During my organization’s half-century of advocating for the interests of North Carolina’s retired governmental employees, we have had days when we were proud of our legislature.
We have also had times when they have disappointed us, and compelled us to fight harder to secure a fair and just outcome for those who helped build this state into what it is today. There have been very few times when we felt both disappointed and ashamed.
This is, unfortunately, one of those times.
The Senate budget has been published and, once again, our legislators have inexcusably broken faith with their responsibilities to retired governmental employees.
Since 2008, our public-sector retirees have had no meaningful increase in their retirement checks. Their pensions have lost at least 20 percent of their purchasing power due to inflation.
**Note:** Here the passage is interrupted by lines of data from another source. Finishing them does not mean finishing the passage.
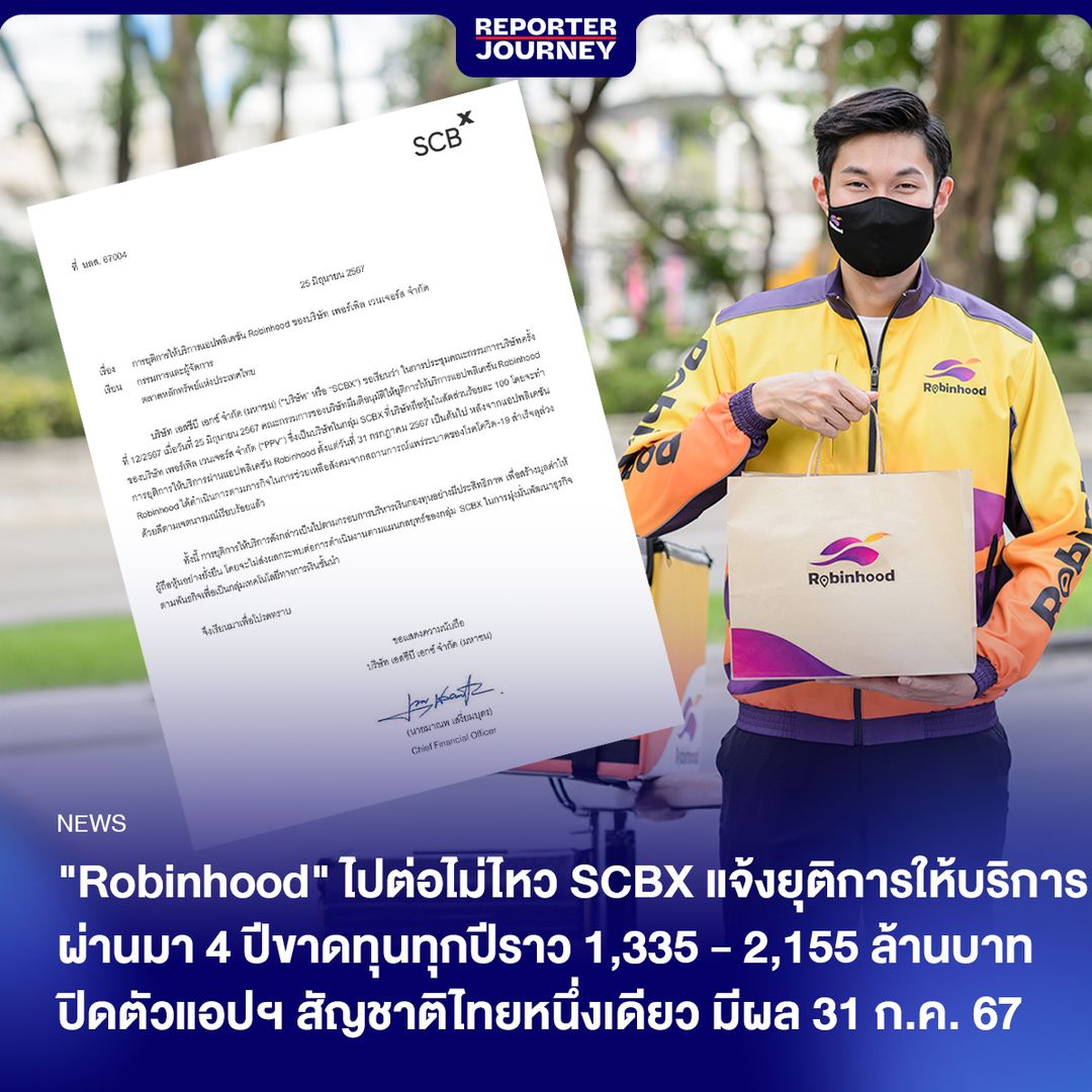 บริษัท เอสซีบี เอกซ์ จำกัด (มหาชน) แจ้งยุติการให้บริการแอปพลิเคชัน Robinhood ของบริษัท เพอร์เพิล เวนเจอร์ส จำกัด ซึ่งเป็นบริษัทภายใต้กลุ่มเอสซีบี เอกซ์ มีผลตั้งแต่วันที่ 31 ก.ค. 2567 เวลา 20.00 น. เป็นต้นไป หลังจากบรรลุภารกิจช่วยเหลือร้านค้า ไรเดอร์ และคนตัวเล็กในช่วงวิกฤตโควิดได้ตามเป้าประสงค์ที่ตั้งไว้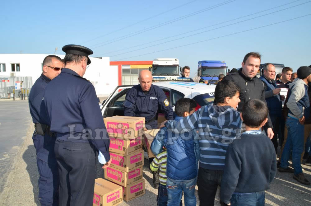 Επίσης αστυνομικοί της Διεύθυνσης Φθιώτιδας ζήτησαν και πήραν κρουασάν από την Chipita, καθώς επίσης και τρόφιμα από το κοινωνικό παντοπωλείο του Δήμου Λαμιέων και τα μοίρασαν στους πρόσφυγες, δείχνοντας έτσι το ανθρώπινο πρόσωπο της αστυνομίας.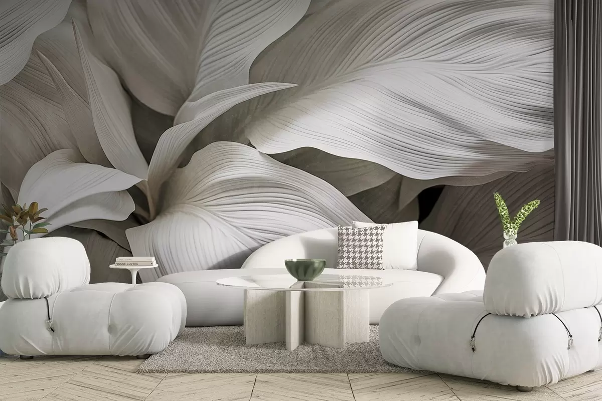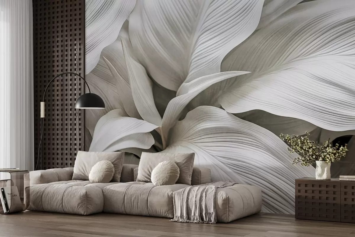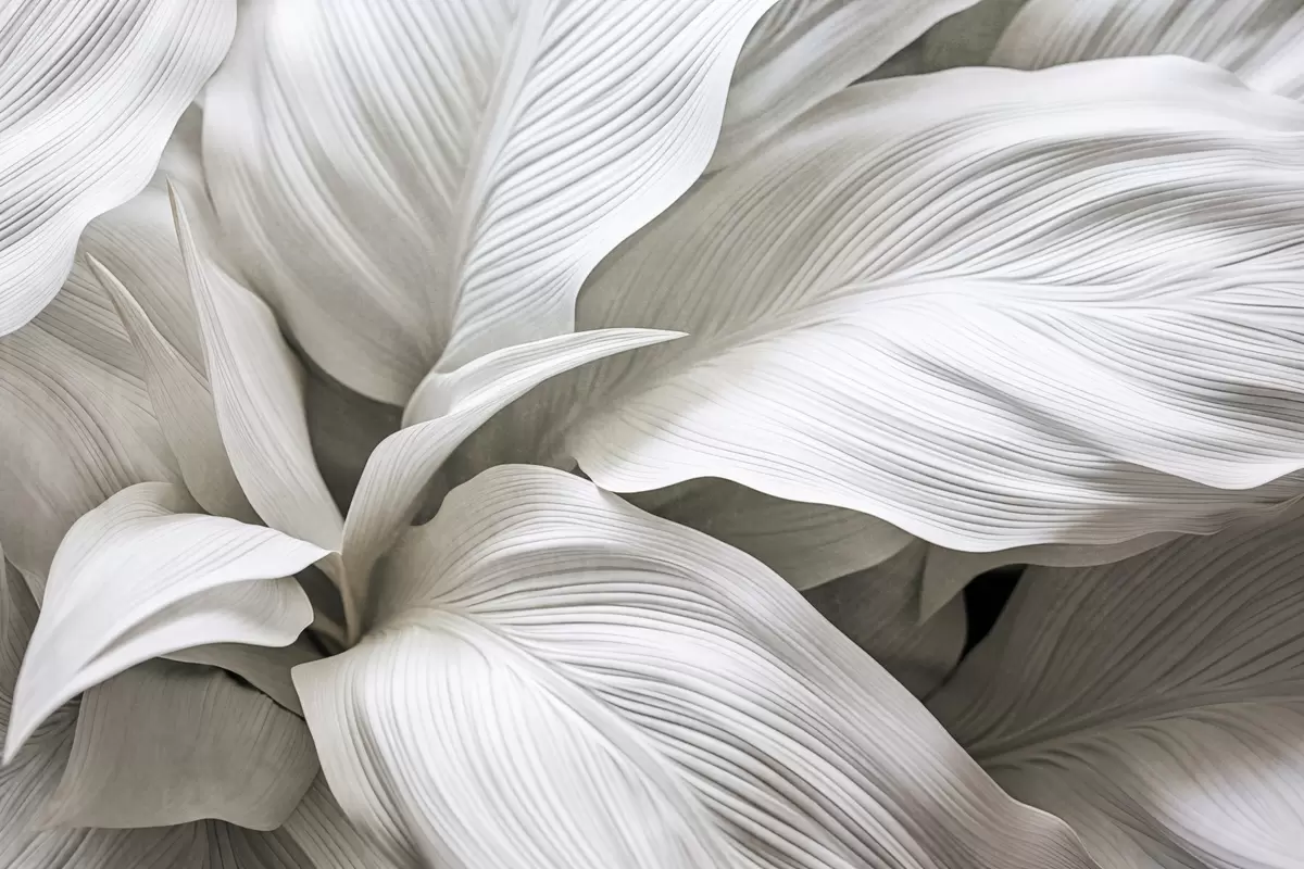 Murais de parede Folhas brancas grandes e texturizadas com veias proeminentes, sobrepostas e criando profundidade Nr. w09536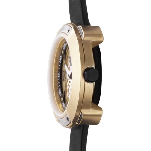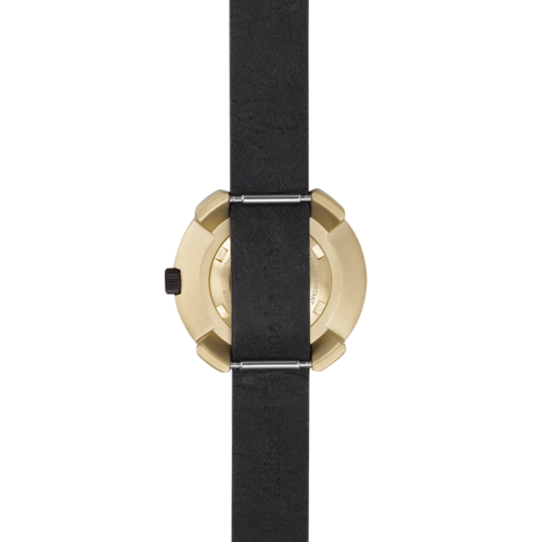 Not your everyday timepiece. The Vista adds a touch of elegance to your style with a gold case, a brushed light gold double layered dial with sport influenced markers and classic Roman numerals paired with an artisanal black leather strap.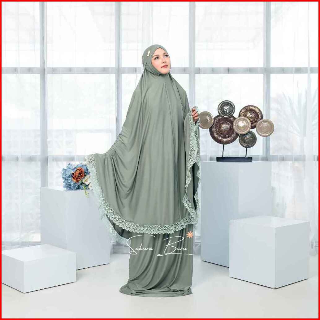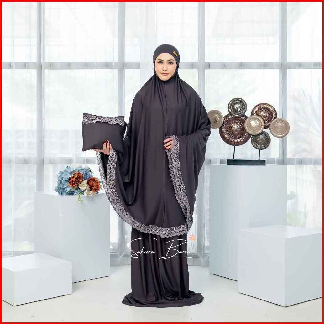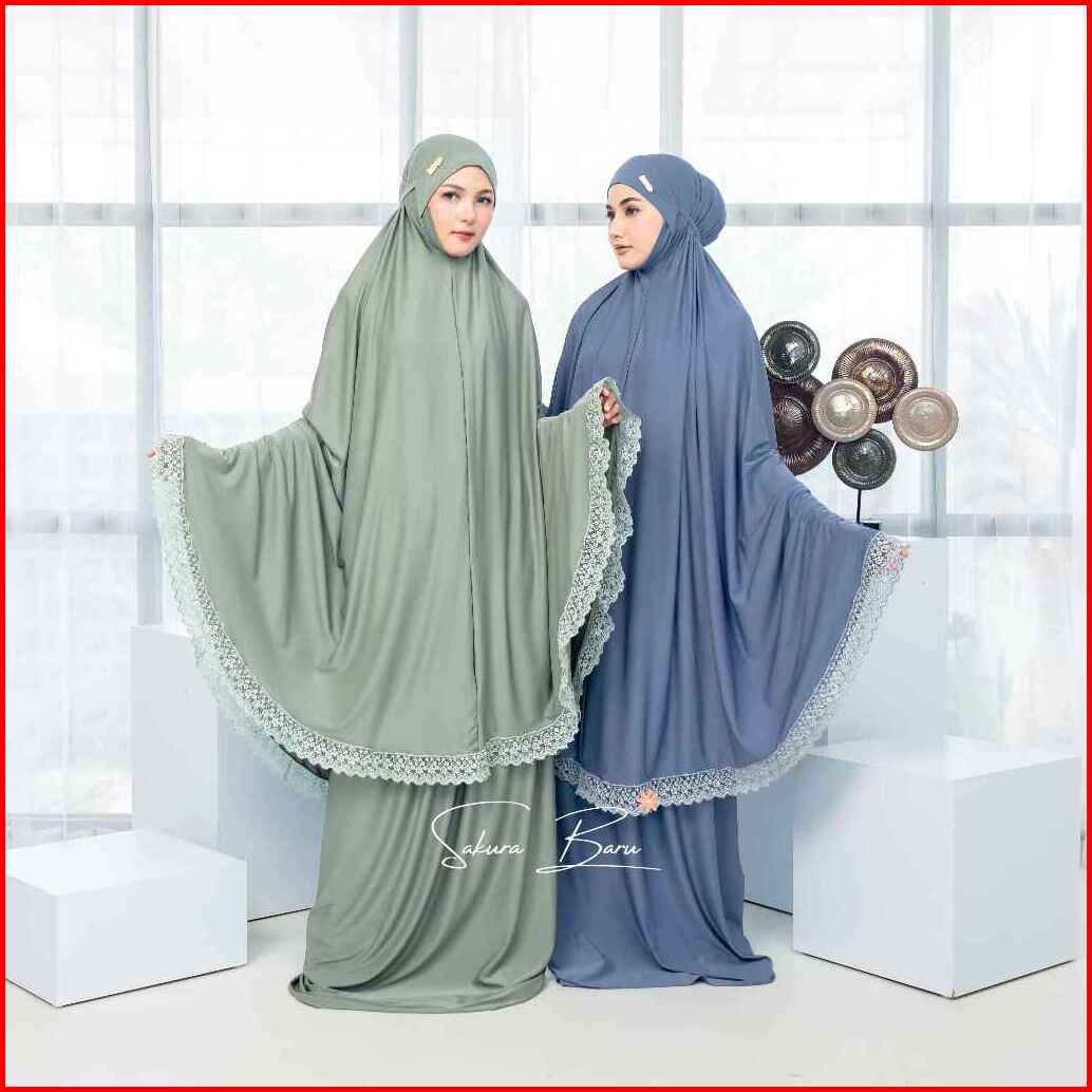 Sakura Baru - Mukena Aqiqah Dewasa Penutup Dagu Renda Jarsey Renda Jumbo Atasan Panjang Muslim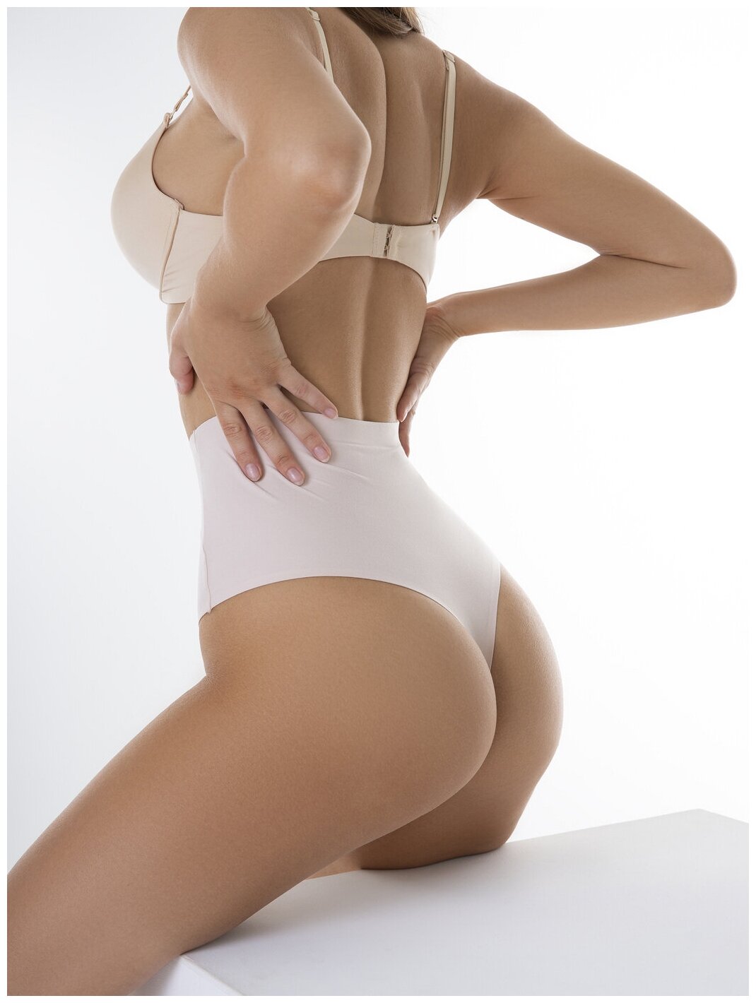 Трусы бесшовные хлопковые стринги с высокой посадкой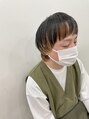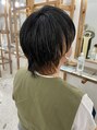 マッシュラインで襟足長めのウルフスタイル。黒髪でのアクセントに片サイドにデザインカラーで遊び感をプラス。重めのラインだけど、量を調整してふんわり仕上げてます。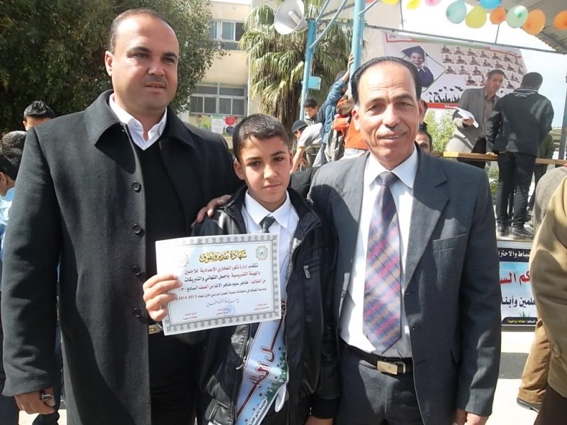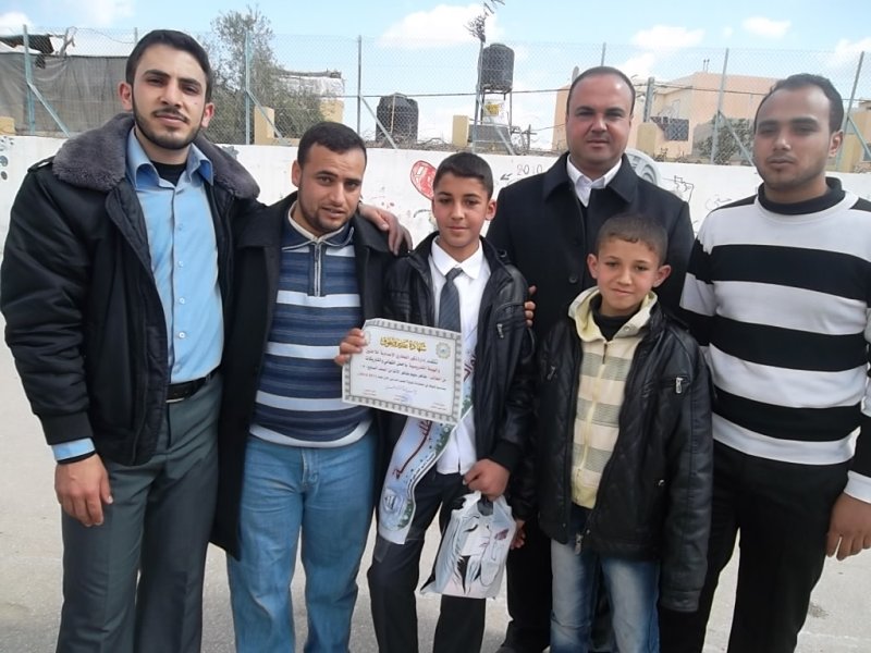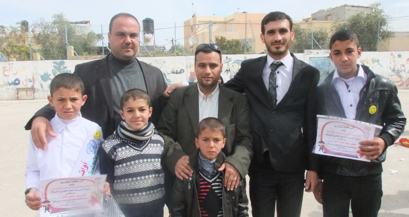 الطالب المتفوق طاهر سليم الأغا، أ. ياسر البريم، أ. محمد حماد، أ. سليم طاهر وانجاله أحمد ومحمد وتامر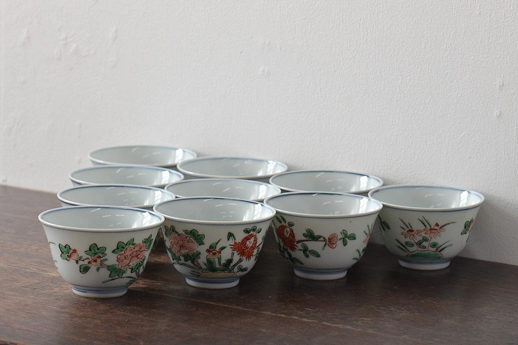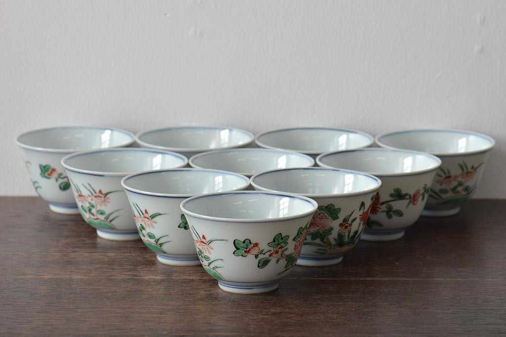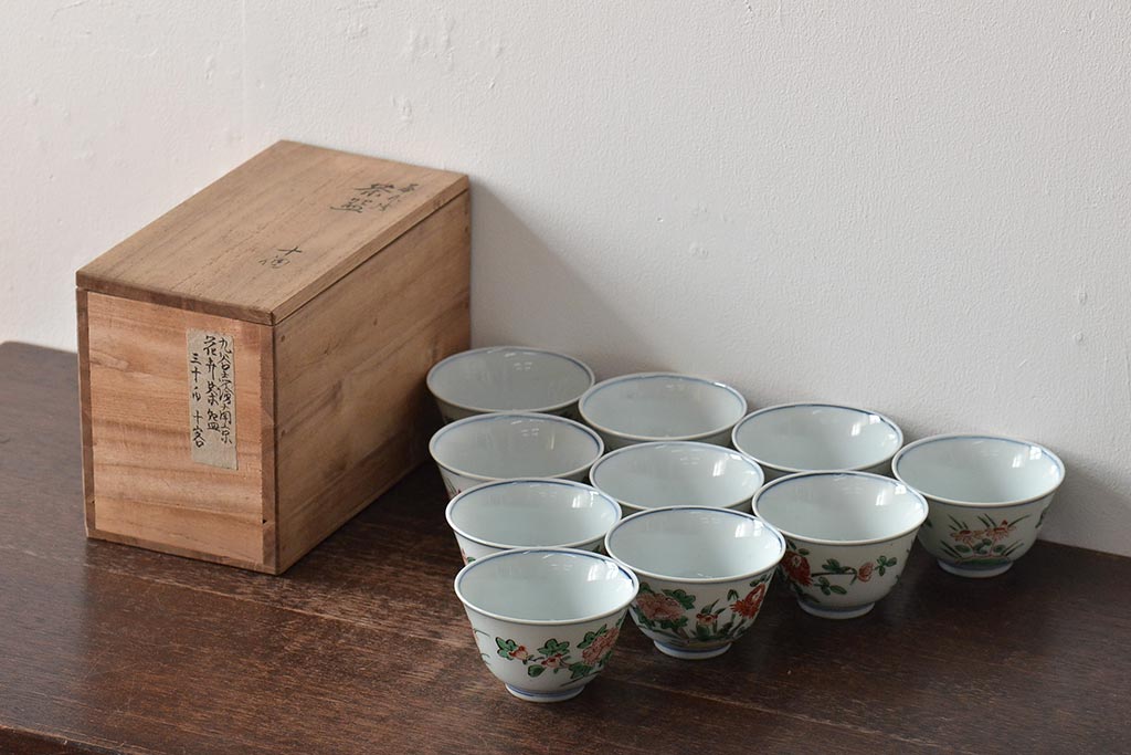 ラフジュ工房> 和食器・茶道具> お椀・茶碗 > 九谷陶源製 九谷赤絵茶碗10客(茶道具、共箱)(R-044417)
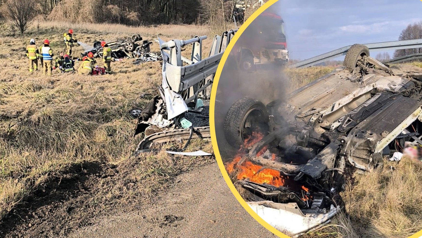 Samochód dachował na polu i stanął w płomieniach. Policjanci wyciągnęli rannego z płonącego auta i natychmiast udzielili mu pomocy. Mężczyzna był przytomny. Miał widoczne obrażenia głowy. Ostatecznie helikopter LPR zabrał go do szpitala.

These workers served as highway patrol officers, public safety officers, health services providers, teachers, clerical workers and grounds and maintenance workers. Many worked in conditions where the salaries would not be acceptable today.
During their working years, they provided the underpinning for our state, which is now considered one of the fastest growing and best places to live in the USA. Compared to working in the private sector, their pay was modest, but they believed they had the security of a fair retirement plan in their future.
When news broke last month that the state unexpectedly had a $6 billion surplus, we were confident that the legislature’s sense of fairness and justice would prevail, and our retirees would get the cost-of-living adjustment (COLA) that was well overdue.
Sometimes people ask what is meant by a COLA, and why it exists.
Government pensions are determined by a formula, based primarily on salary and years of service. A pensioner knows in advance how many dollars will be in their monthly check.
It is meant to be fair and predictable, but there is a problem. The amount paid does not increase, but prices do. In the first few years of inflation, the reduction in purchasing power might be manageable as the retiree lives more and more frugally.
Consider a woman who began her retirement in 2008 at age 65 with a pension of $1,000 monthly. This year, she is 78 and her purchasing power, relative to 13 years ago, is only $800. She may need increased health care and prescription drugs. Those prices and co-pays steadily increase, as do the prices of food, utilities, services, etc. But her purchasing power continues to shrink.
This is where COLAs come in.
A retiree’s loss of purchasing power can be mitigated by the General Assembly granting a COLA, so that their monthly check is brought closer to the purchasing power it originally promised. In some states, a COLA is tied to increases in the Consumer Price Index, the measure of the average price of a defined array of goods the public tends to purchase. The retirees in those states know that their purchasing power at retirement will remain constant, regardless of inflation.
Until 2008, North Carolina provided regular COLAs for retired government workers. COLAs were expected to resume as needed once our financial crisis and the Great Recession passed. But that resumption did not occur.
Inflation is rapidly increasing the cost of food, fuel and medicine.
Older people were the most vulnerable demographic during the COVID-19 pandemic. Their contacts with family, church friends, neighbors and others were cut off. Many remain in especially challenging and lonely circumstances.
The Senate is proposing $13.9 billion in tax cuts. Tax cuts help ordinary working people and often boost the economy. But they do little to help those no longer part of the workforce. How can the legislature enact such huge tax cuts while saying there is no money to help our retirees? Failing to provide a desperately-needed COLA to our retirees is breaking faith with those who served the state and whose needs have become impossible to ignore.
We are better than this. Our history shows us to have held certain values close — keeping promises, upholding obligations, demonstrating both fiscal responsibility as well as compassion. The General Assembly’s budget should demonstrate those values. Inflation and stagnant retirement checks are drowning our state pensioners.
Alice L. Bordsen is a retired member of the N.C. House of Representatives for District 63 (Alamance County) and is a member of NCRGEA Board of Directors.